= African Journey: A Search for the Roots of the Blues =

Blues album by American historian Samuel Charters

African Journey: A Search for the Roots is a blues album by American historian Samuel Charters and is his attempt to examine how the American blues genre of the 1920s and 1930s can trace its roots and influences back to the tribal music of West Africa. Charters draws connections between the two, mainly covering similarities in their song content, instrument type, and instrument usage.

In 1974, Charters traveled the length of the West African "crescent", from Senegal to Nigeria. He then returned to travel up the Gambia River to a slave pen in Janjanbureh, following a similar path that would have been taken by slave traders. All of the album's musical performances were recorded by means of a tape recorder. The album was released as a double vinyl set. Volume One contains songs performed by historians as well as celebratory songs from The Gambia, Senegal, and Mali. Volume Two consists of funeral processions, dances, and songs from Ghana, Togo and The Gambia.

== Album Information: An Introduction and Notes to the Songs ==

The back cover of the album entitled: An Introduction and Notes to the Songs explains why Charters chose the area of West Africa for his research, as well as how he originally drew connections between West African music and the American delta blues.

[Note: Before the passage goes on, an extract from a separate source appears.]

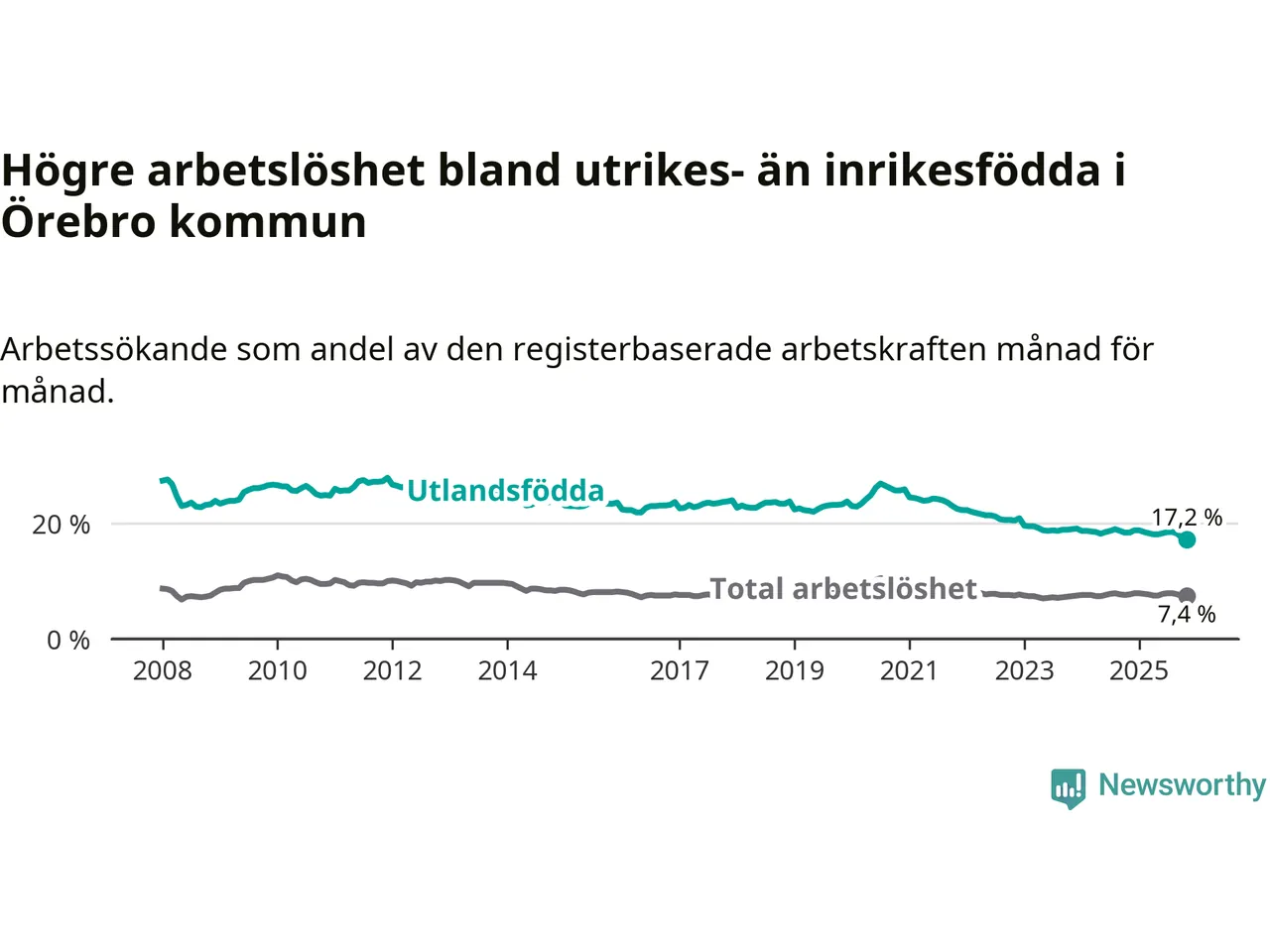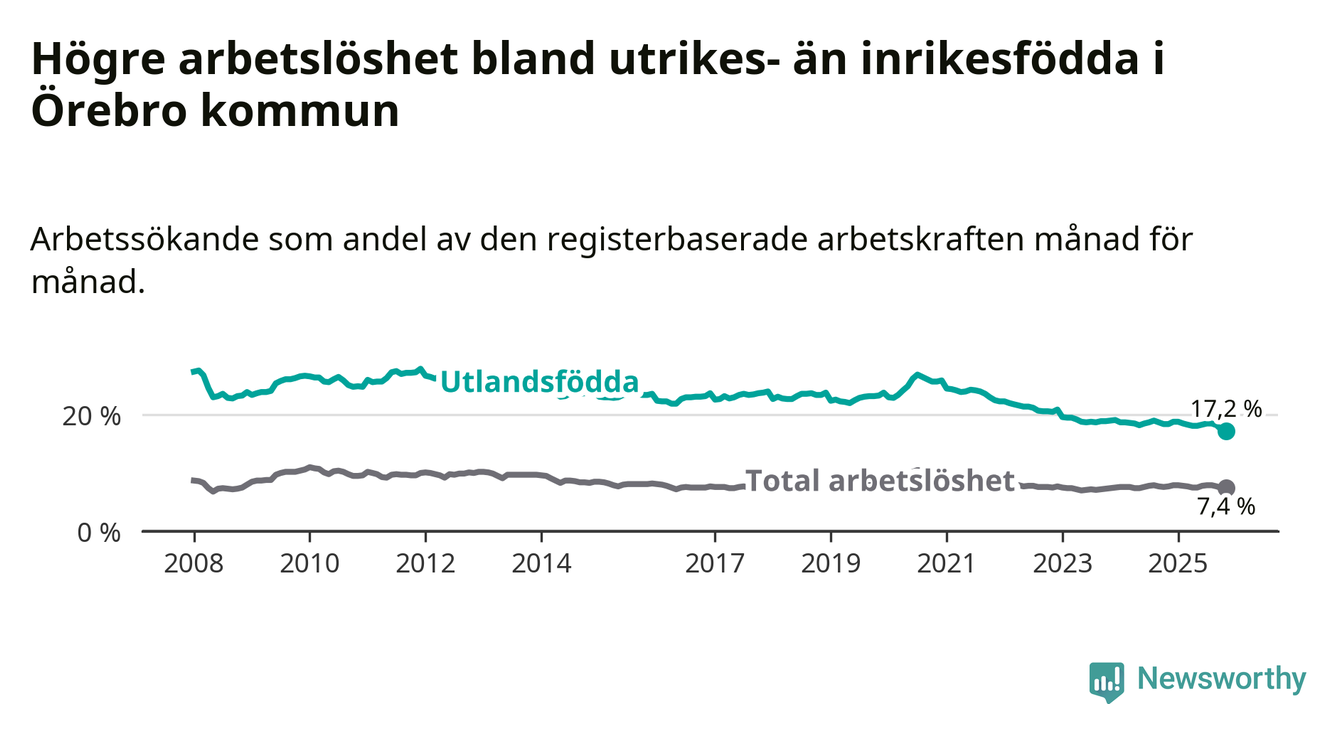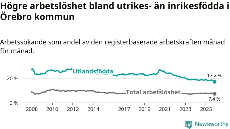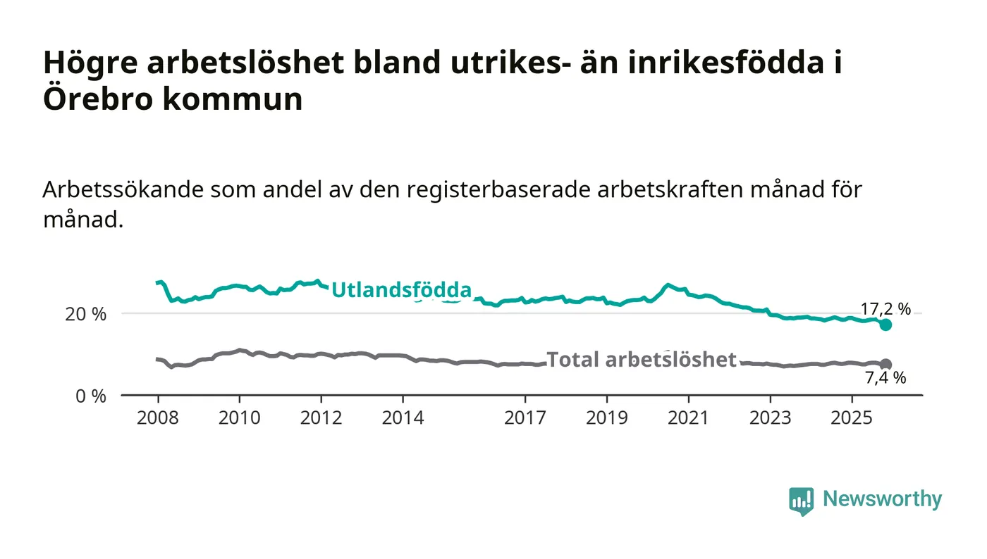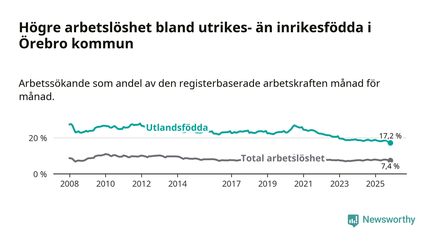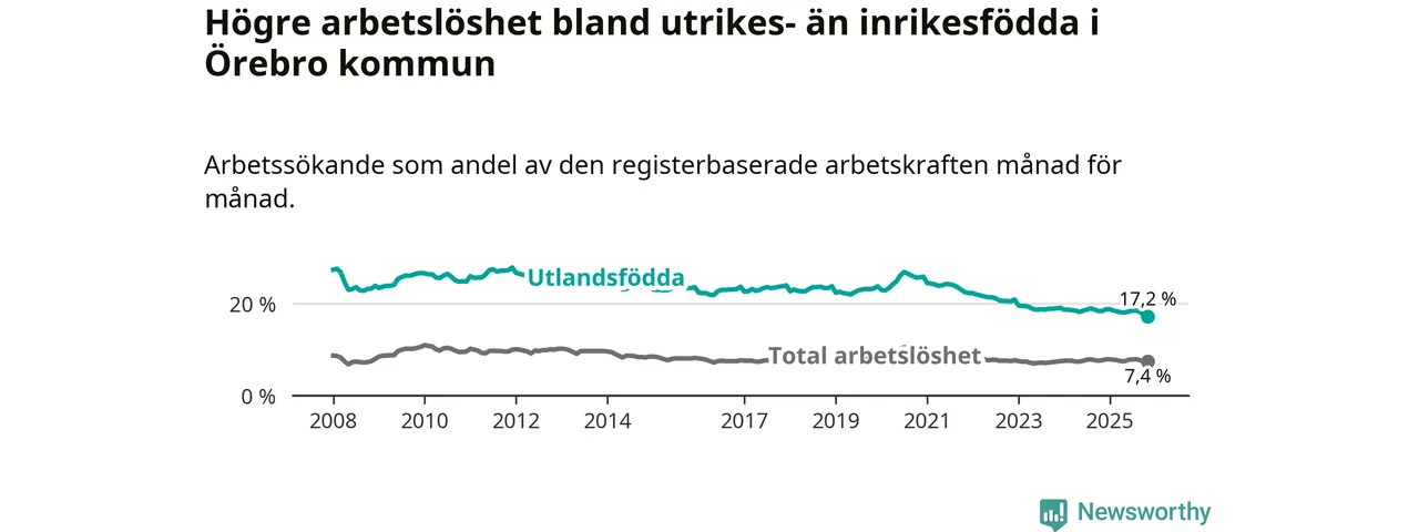 Skillnaden i arbetslöshet mellan utrikesfödda och hela befolkningen är 9,8 procentenheter i Örebro. Det är en mindre skillnad än för ett år sedan (−0,9 procentenheter).

Charters explains that, previously, one of the difficulties of understanding the history of the peoples of the slave trade was that records of African slave heritage were insufficient for historical context, as they provided little evidence as to where an individual slave or family was from. This, coupled with the fact that the slaves themselves came from cultures without written languages and without a clear idea of larger geographic areas, made it almost impossible to trace individual slave's roots. Charters then explains that the current research of his time has allowed historians to understand which tribes and peoples came from what areas and what music, language, and culture they brought with them. With this research, he was able to draw the initial connection between the blues genre and traditional African music.

He then begins to distinguish between the first slaves arriving from Senegal, The Gambia ,and Guinea, and the later slaves coming from Ghana, Nigeria, and the Cameroons. The first group had established a distinctive Afro-American culture as they came to the colonies in groups and built the plantations. The second group was dispersed throughout the already formed plantations and adapted to this established culture. From this, he draws the conclusion that Afro-American music could be traced specifically back to the area of Africa between the Senegal River and southern Guinea.

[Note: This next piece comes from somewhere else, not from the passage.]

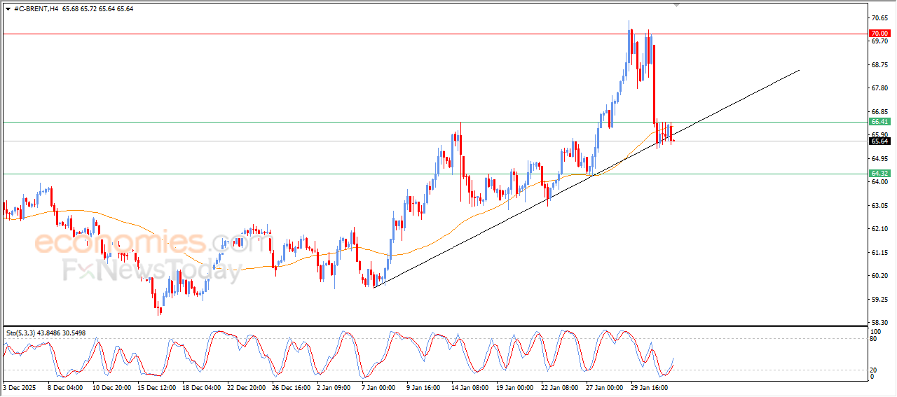 The (Brent) price fluctuated in its last intraday trading, with negative pressure due to its trading below EMA50, with the dominance of steep bearish wave, on the other hand, the price is leaning on the support line of a minor bullish trend on the short-term basis, with the emergence of positive signals from relative strength indicators, after reaching oversold levels, to offload some of these oversold conditions, indicating a quick decline on the bullish momentum.
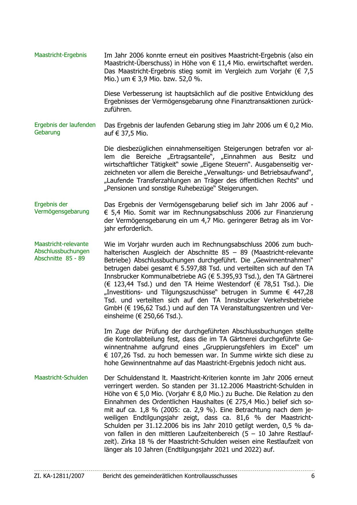 Einnahmen des Ordentlichen Haushaltes (€ 275,4 Mio.) belief sich somit auf ca. 1,8 % (2005: ca. 2,9 %). Eine Betrachtung nach dem jeweiligen Endtilgungsjahr zeigt, dass ca. 81,6 % der MaastrichtSchulden per 31.12.2006 bis ins Jahr 2010 getilgt werden, 0,5 % davon fallen in den mittleren Laufzeitenbereich (5 – 10 Jahre Restlaufzeit). Zirka 18 % der Maastricht-Schulden weisen eine Restlaufzeit von

Charters then discusses the distribution of individual tribes in the colonies. During the slave trade, the region of West Africa was in a constant internal struggle, which lead to large amount of wars. The losers of these wars were captured by the opposing tribe and sold to Europeans, unwilling entering them into the slave trade. Consequently, this meant that members of fierce warrior tribes hardly ever made their way to America.

Two tribes that were often found in slave colonies were the Wollofs and the Mandingoes. The end of the introduction draws the connection between these tribes and the blues of America. The cultural music of these tribes often includes stringed instruments and a singer/historian, or griot, whose role in the music closely parallels that of the bluesman.

== Songs==

=== Volume One ===

==== Side One ====
Track 1: Kelefa Ba

Artists: Jali Nyama Suso

Instruments: Kora, vocals

Notes: Jali Nyama Suso played the Kora while a performer improvised his own texts around basic song materials.

Track 2: Alfa Yaya

Artists: Abdoulie Samba

Instruments: Xalam, vocals

Notes: Alfa Yaya is a praise song to a king of the Wollof.

Track 3: Jola Dance

Artists: Individuals not recorded. The dance was performed by many members of the tribe.

Instruments: Drums, Hand and Wooden Clappers, vocals

Notes: Tied directly to the Juba Dance of the colonies.

Track 4: Chedo

Artists: Jali Nyama Suso

Instruments: Kora, vocals

Notes: Chedo is the Fula word for Mandingo and this song describes the war between the Fula and Mandingo.

==== Side Two ====
Track 1: Bowdi

Artists: Alhaji Amara Sahone

Instruments: Konting, vocals

Notes: The konting is a larger xalam.

Track 2: Almami Samari Touray

Artists: Alhaji Fabala Kanuteh

Instruments: Balafon, vocals

Notes: Almami Samari Touray was a leader of Guinea during wartimes in the 19th Century.

=== Volume Two ===

==== Side Three ====
Track 1: Tutu Jara

Artists: Dela Kanuteh, Mawdo Suso, Karunka Suso

Instruments: Balafon, kora, vocals

Notes: The song chronicles a woman who wants to have a child but has to ask a snake for help.

Track 2: Yaha Yaha

Artist: Alhaji Sait Camara

Instruments: Xalam, vocals

Notes: Yaha Yaha is a praise for the President of Gambia.

==== Side Four ====
Track 1: Selati Nalim Koye

Artists: Falie Kuyateh

Instruments: Kora, vocals

Notes: Selati Nalim Koye is about a great warrior in Mandingo history.

Track 2: Ewe Drumming

Artists: Collective tribe.

Instruments: Drums, vocals

Notes: The recording is only a short period taken from a day-long drumming ceremony.